The increase in cash was primarily driven by external financing activities rather than operating performance. The operating cash flow for the quarter, it was impacted by a loss adjusted for noncash items and interest paid of approximately $12.7 million.
This was further affected by working capital outflows of $22.5 million, primarily driven by seasonal harvesting requirements. Investing activities were minimal at $0.9 million, reflecting a continued focus on liquidity preservation.
Financing activities provided $38.6 million of cash flows, primarily consisting of a $30 million draw on the software lumber program term loan and $10 million on our credit facility. As a result, our total availability remains supportive.
However, our revolver availability declined to $19.6 million from $39.4 million at the prior quarter end. The company continues to maintain a disciplined approach to liquidity management with a focus on reversing the working capital build and stabilizing operating cash flows in the upcoming months.
This concludes my remarks, and I will now pass it over to Joel.
Joel Fournier
Thank you, Peter. Looking ahead, GreenFirst will continue to pursue its objective of becoming a top-quartile operator and the largest producer in Ontario by maximizing the use of its available wood supply.
This continued to position the company uniquely from a log supply perspective compared to its competitors. In fact, there are many regions in Canada and elsewhere in North America with a constrained log supply situation.

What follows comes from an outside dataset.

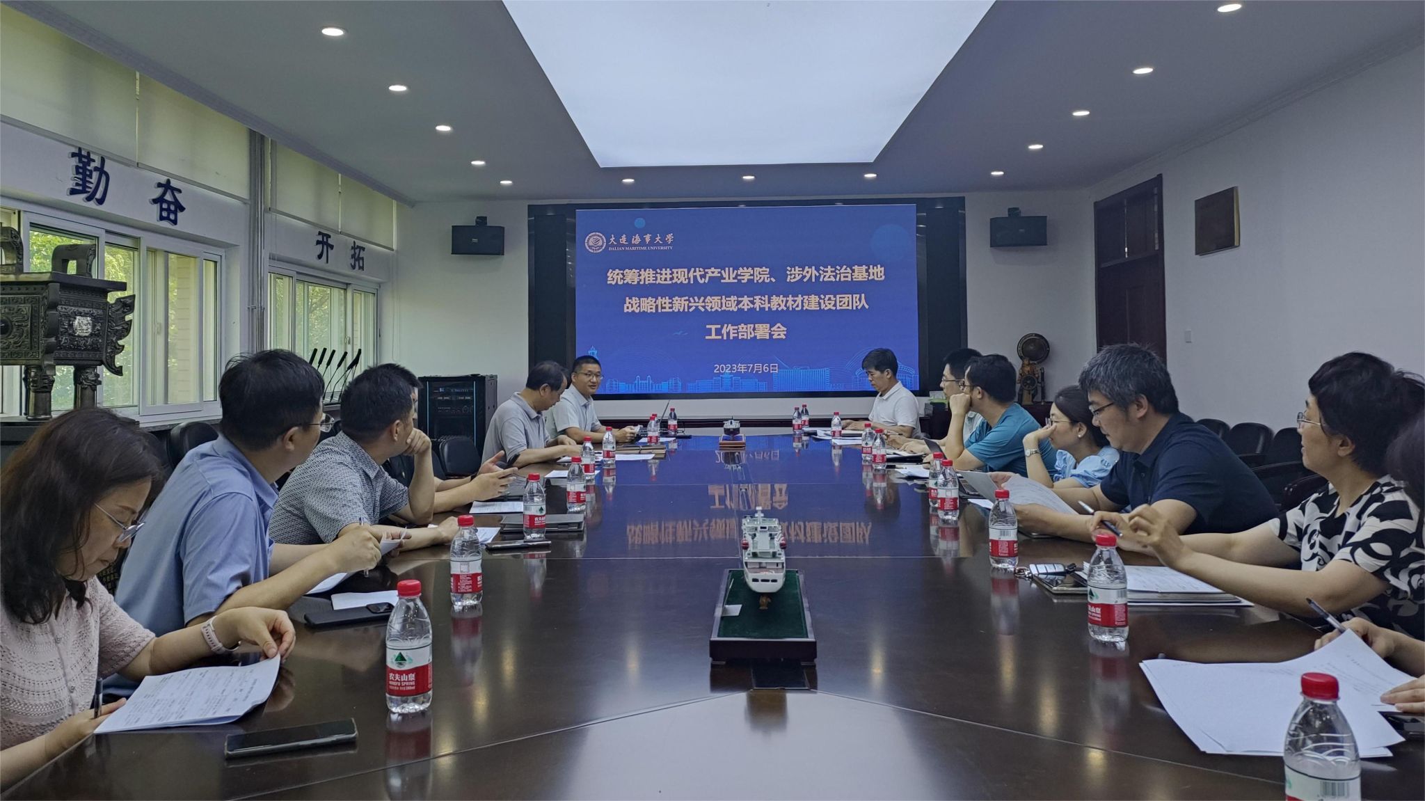 7月6日上午,学校在轮机楼317会议室召开统筹推进现代产业学院、涉外法治基地、战略性新兴领域本科教材建设团队工作部署会。教务处处长吴桂涛、现代产业学院负责人、涉外法治基地负责人、战略性新兴领域本科教材建设团队负责人以及负责人所在学院的教学院长参加了会议。会议由教务处副处长赵俊豪主持。

As mentioned in the previous quarter, we have only partially advanced the previously announced $50 million Phase 1 of the capital expenditure program, proceeding with selected projects only. As communicated in Q3 2025, our primary focus has been on the installation of the new saw line, planer mill, and cogeneration refurbishment at Chapleau.
I'm pleased to announce that both the planar mill project and the cogeneration project are now complete, and ramp-up has been successfully finalized. This project has been delivered as expected and will increase our capacity to process the additional production coming from the new line at Chapleau.

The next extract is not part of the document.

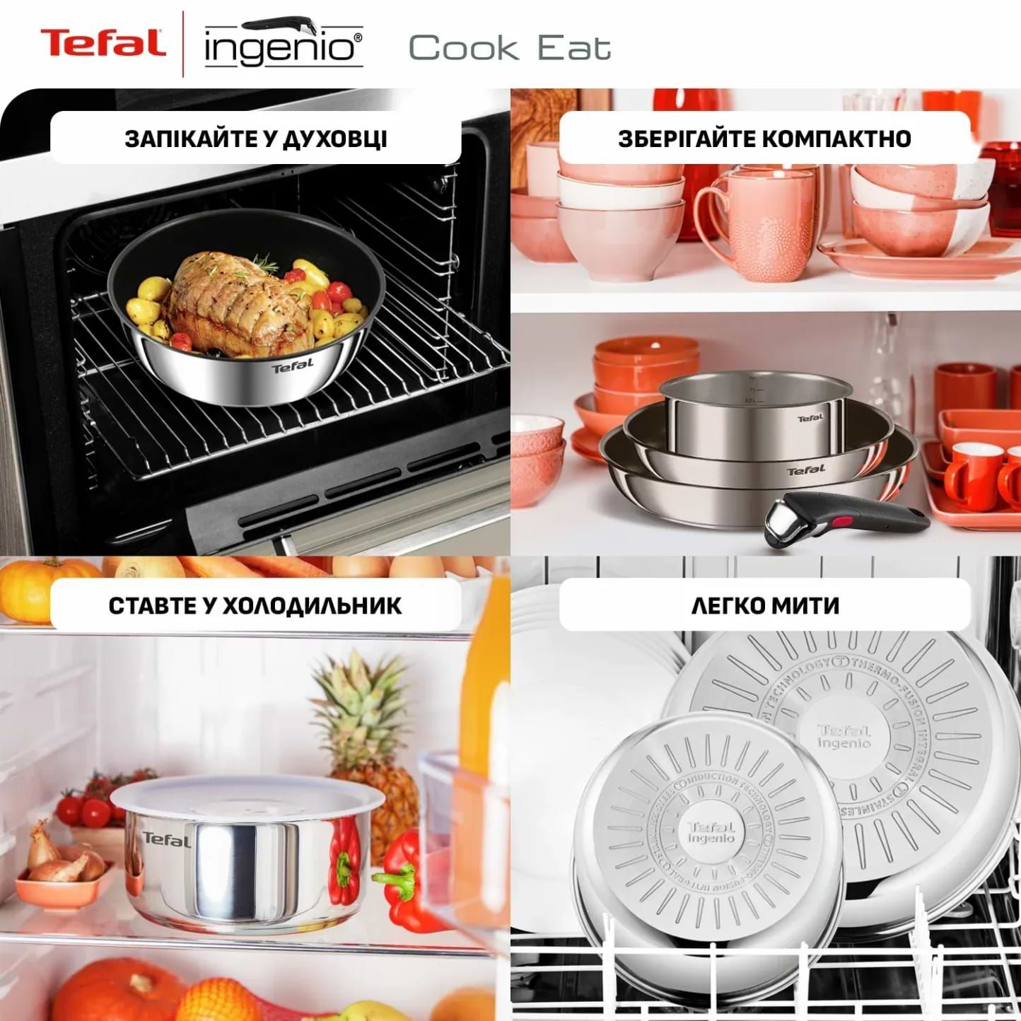 Набір посуду Tefal Ingenio Cook Eat L881S404 створений, щоб спростити ваше щоденне приготування їжі. Набір посуду Ingenio Cook Eat з нержавіючої сталі зі знімною ручкою забезпечує зручність користування щодня, легке очищення та компактне зберігання. Готуйте на плиті, ставте в духовку (без ручки) або просто зберігайте залишки страв у холодильнику — цей універсальний посуд заощаджує ваш час і енергію щодня.

We completed all performance testing for the new saw line, with production increasing by 60% from January to March, and are currently operating at approximately 90% of our target capacity with the new saw line. During Q2, the focus will be on finalizing optimization and integration with other equipment along the production process, including logging feed and sawmill stacker output.
We expect this integration to be completed in Q2. Finally, we continue to work with Texana to explore a potential partnership to build a Torrefied pellet plant mill in Chapleau.
This project will support the province of New Brunswick's effort to replace coal with green energy for power generation. There is currently a surplus of sawmills in Ontario, and this initiative would help strengthen demand if the project proceeds.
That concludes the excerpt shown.